1. Warm your oven to 180°C/Fan 160°C/Gas 4. Fill a large pan with water and add a good pinch of salt. Pop the pan on a high heat and bring to the boil.
2. Peel and finely chop the onions. Peel and thinly slice the garlic. Chop the chestnut and portobello mushrooms into bite-sized chunks. Coarsely grate the cheddar.
3. Pour 1 tbsp oil into a large, ovenproof pan and warm over a medium heat. Slide in the onions, garlic and mushrooms and add a pinch of salt and pepper. Pop a lid on the pan. Cook the veg for 10 mins, stirring occasionally, till the veg are golden and juicy.
4. Meanwhile, the water in the other pan should be boiling. When it is, add the pasta and stir well.
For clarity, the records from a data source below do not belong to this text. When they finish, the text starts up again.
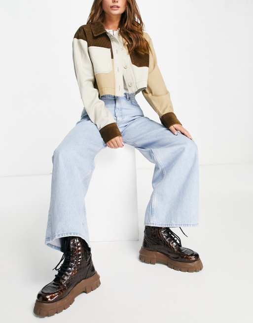 Monki Micki cotton high waist wide leg jeans in light blue wash - LBLUE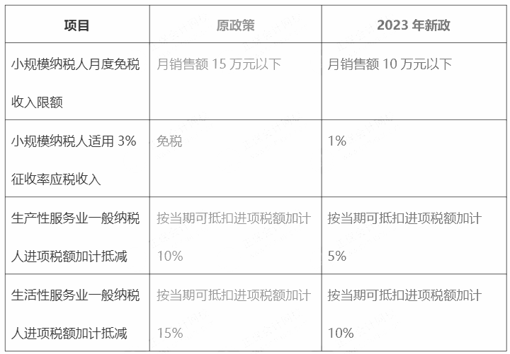 2023年增值稅新舊政策對比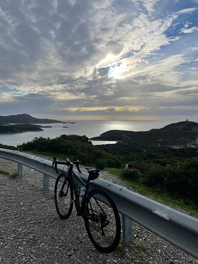 I did not make it all the way to Porto Teulada which would have been a 76 mile round trip, but I managed 40 miles and got some nice photos and a good workout. The roads were quiet early on a Saturday morning and there were some beautiful colours from the morning sun over the water. There is another tower at Chia like Torre del Castellazzo o di Sant’Efsio and what looked like a lighthouse further along the shore. Another lovely quiet and unspoiled bit of coastline. I passed a number of other groups of Italian cyclists as I head back who all offered a wave and a “Ciao” as we passed.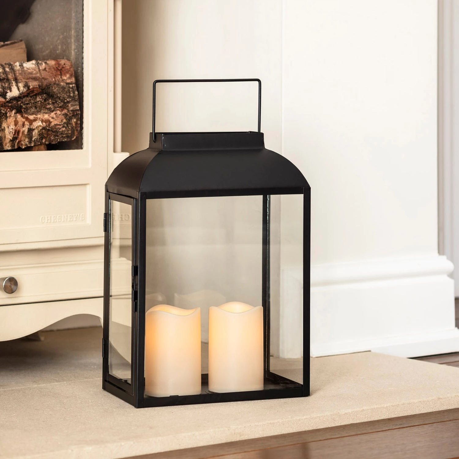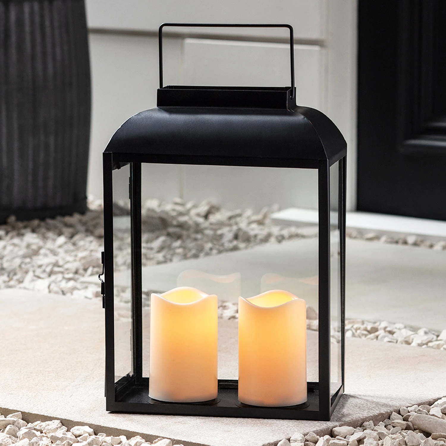 Unsere elegante Devon Laterne mit mattschwarzem Metallrahmen und Glasfenstern sorgt für einen zeitlosen Leuchteffekt. Mit einer Höhe von 35cm ist sie ideal für deinen Eingangsbereich oder die Veranda. Diese Laterne beherbergt zwei cremefarbene Kerzen, die jeweils durch eine warmweiße, flackernde LED Flamme beleuchtet werden. Jede Kerze misst 11,5 x 7,5 cm. Nachdem du 3 x AA Batterien in jeden Kerzenboden eingelegt hast, kannst du den praktischen 6-Stunden-Timer aktivieren, damit sie sich jeden Abend um dieselbe Uhrzeit einschalten und einen sanften Lichtschein verbreiten. Du kannst mit bis zu 1200 Stunden Leuchtdauer rechnen, bis die Batterien ausgetauscht werden müssen.

Simmer the pasta for 6 mins till slightly softened but still a little bit chalky. Drain.
5. When the veg in the pan are golden, add the cornflour and stir well to combine with the veg. Slowly pour in the milk, stirring frequently as you do, till the cornflour and milk combine to make a thick sauce. Stir in the mustard and bring the sauce to a gentle simmer. Once simmering, stir in the cheddar and remove from the heat.
6. Toss the drained pasta into the pan with the cheese sauce and veg. Stir well to mix. Level the top of the pasta with a wooden spoon, then sprinkle the chopped hazelnuts over the top. Slide the pan into the warm oven and bake for 20-25 mins, till golden and bubbling. If your pan isn’t suitable for using in the oven, transfer the pasta and sauce to an ovenproof dish before baking.
7. Divide the pasta bake between warm plates and serve.
8. Love Your Leftovers
The pasta will keep well in the fridge for up to 3 days or it can be frozen for up to 3 months. Divide the pasta bake between the tubs, seal and store. Defrost overnight, if necessary, then reheat in the microwave till piping hot all the way through.